No sé decir con exactitud cuándo fue. Quizá la primera vez que me dí cuenta de que su pelo castaño lanzaba destellos cobrizos cuando le daba el sol. O cuando descubrí que sus ojos, ocultos siempre bajo su flequillo enmarañado, eran en realidad tan oscuros como la leña mojada. O quizá cuando me percaté de que arrastraba las eses al hablar. No lo sé. Pero la amistad y el cariño que sentía por él evolucionó algo mucho más profundo y sagrado, y me enamoré perdidamente de él.
No sé de dónde saqué el valor para confesárselo aquella tarde junto al mar. Tumbados en la arena, hablando de cómo era posible ver un cielo tan azul, mientras las olas golpeaban con dulzura las rocas. Fue un impulso, supongo. O quizá la suavidad del mar inundó mi alma y me dio su energía. Me giré y lo besé. Él sentía lo mismo, y allí comenzamos nuestro noviazgo. En ese momento, tuve la sensación de que mi vida se había vuelto absolutamente perfecta: tenía 15 años, un dominio casi pleno de mis visiones, y estaba enamorada.
Hermano y yo nos casamos a principios del verano. La boda se celebró en mi lugar especial. Él se había peinado el cabello hasta dejarlo completamente liso y suave, y sus reflejos cobrizos eran más evidentes que nunca al sol del mediodía. Yo me había enganchado margaritas blancas entre mis rizos, y mi madre había cosido pétalos de rosa roja al vestido. Además ese día mi madre me regaló su medallón. Ese medallón redondo con las cinco piedras engarzadas que el había visto desde niña. Había pertenecido a mi madre, a mi abuela, a mi bisabuela, a mi tatarabuela, y a todas las mujeres de mi familia desde que se recuerda.
-Y así se cierra el círculo-dijo mi padre cuando mi madre me lo ató al cuello.
En ese momento no pude evitar llorar de alegría.

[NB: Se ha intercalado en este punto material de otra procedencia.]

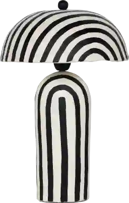 This lamp features innovative paper mache construction for both the base and the dome shade, offering a distinct, hand-crafted texture not found in traditional ceramic or metal lighting. This material allows for a bold, contemporary silhouette that is remarkably lightweight. The matte black finish and striped design provide a high-contrast, "one-of-a-kind" look that serves as a sophisticated focal point in boho or modern-industrial interiors.

No podía ser más feliz. Todo era absolutamente maravilloso y perfecto. Tenía todo lo que siempre había deseado: una casa cercana a la de mis padres, una enorme cama con dosel y sábanas blancas; y un marido encantador con quien compartir todo eso, a quien amaba con locura y que me quería por encima de todo. Para terminar de colmar mi felicidad, el verano siguiente nació nuestro primogénito, Mangan, un precioso y adorable niño rosado con mi rizo caído prendido en su cabecita y los ojos oscuros y profundos de su padre.
¡Oh, aquellos tiempos felices! Quién pudiera volver atrás, cuando todo era sumamente sencillo…Antes de que el peso de las grandes visiones me abrumara, antes de que tuviera una corona que ceñir en mi cabeza, antes de que la sombra de la muerte nos rodeara a todos… Cuando todo era fácil, cuando sólo éramos Hermano, Mangan y yo, cuando todavía vivíamos en la aldea.
Pero es ley de vida que los tiempos felices no duren eternamente, y eso era algo de lo que yo tenía total certeza. Al fin y al cabo, lo había visto.
Transcurridos tres años desde mi visión, con los primeros deshielos, la muerte nos llegó a todos desde el mar. Y a pesar de mi visión, y de todas las medidas de prevención que habíamos tomado mi madre y yo, nada nos podía haber preparado para el mal que se avecinaba.



-¡Yeny dónde te has metido! ¡Que la comida lleva en la mesa media hora y Calen se está impacientando!
El grito de Eiris me sacó de la lectura en que me hallaba totalmente enfrascada.